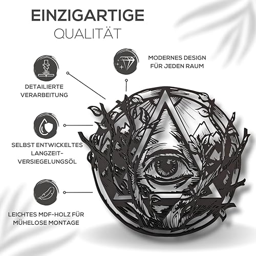KUINEA Allsehendes Auge Wanddeko I Wanddeko Holz [Farbe Anthrazit] Wand Deko I Deko I Wanddekoration für Zuhause, Büro, Schlafzimmer, Wohnzimmer und Küche I Wanddeko Wohnzimmer I Wandbild I Wandbilder
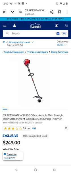 CRAFTSMAN WS4200 30-cc 4-cycle 17-in Straight Shaft Attachment Capable Gas Weed Eater$140San Antonio, TX
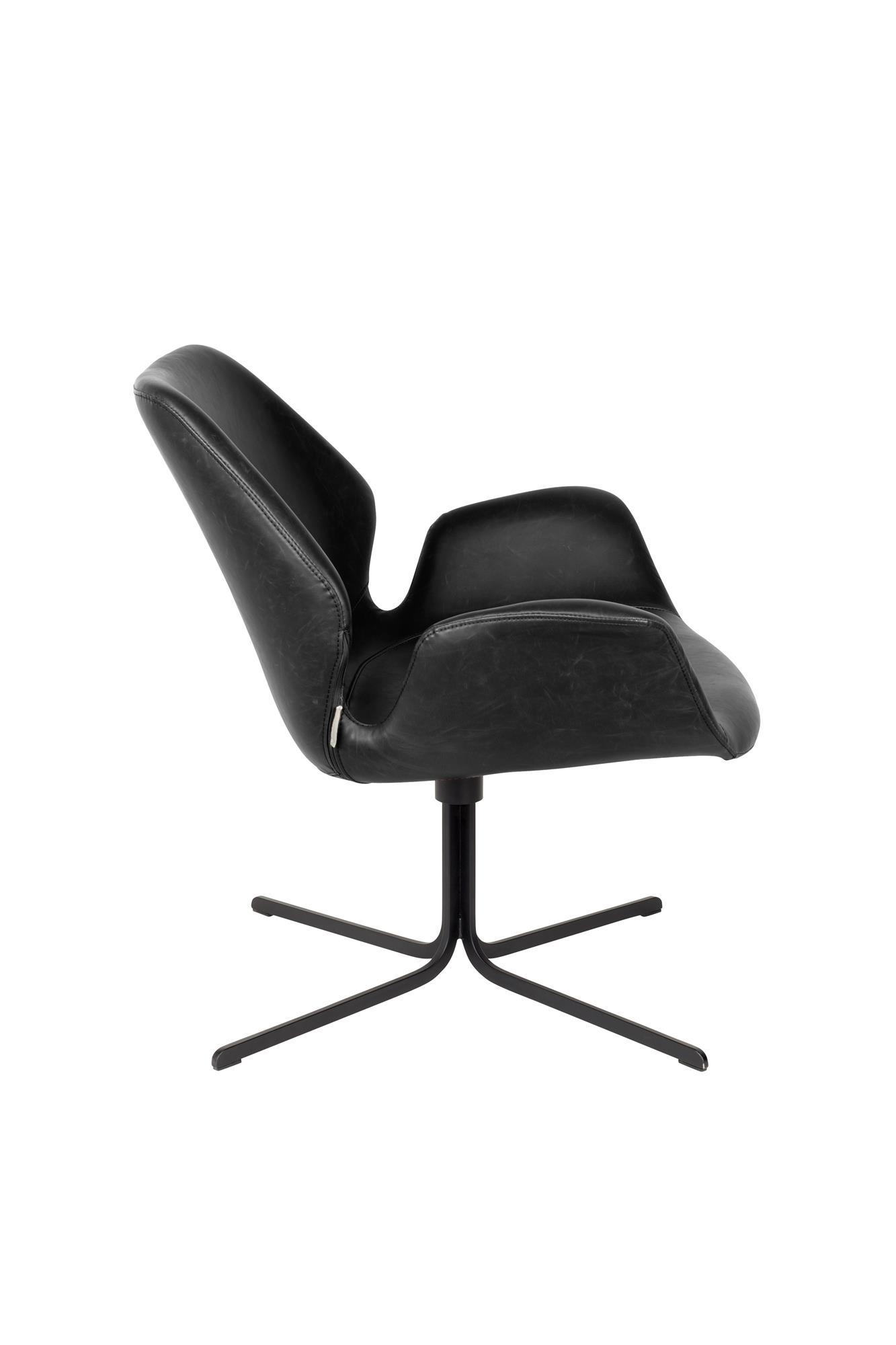 Základ tvoří pevná kovová konstrukce, která zajišťuje stabilitu, pevnost a dlouhou životnost. Její černé provedení podtrhuje minimalistický vzhled křesla a skvěle ladí s jemně strukturovaným povrchem sedáku a opěradla. Povrchová úprava z materiálu imitujícího broušenou kůži vypadá luxusně, zároveň je příjemná na dotek a praktická na údržbu.

What you will do ▸ Please output the data above exactly as given, omitting every picture.

Problem solution ▸
KUINEA Allsehendes Auge Wanddeko I Wanddeko Holz [Farbe Anthrazit] Wand Deko I Deko I Wanddekoration für Zuhause, Büro, Schlafzimmer, Wohnzimmer und Küche I Wanddeko Wohnzimmer I Wandbild I Wandbilder
 CRAFTSMAN WS4200 30-cc 4-cycle 17-in Straight Shaft Attachment Capable Gas Weed Eater$140San Antonio, TX
 Základ tvoří pevná kovová konstrukce, která zajišťuje stabilitu, pevnost a dlouhou životnost. Její černé provedení podtrhuje minimalistický vzhled křesla a skvěle ladí s jemně strukturovaným povrchem sedáku a opěradla. Povrchová úprava z materiálu imitujícího broušenou kůži vypadá luxusně, zároveň je příjemná na dotek a praktická na údržbu.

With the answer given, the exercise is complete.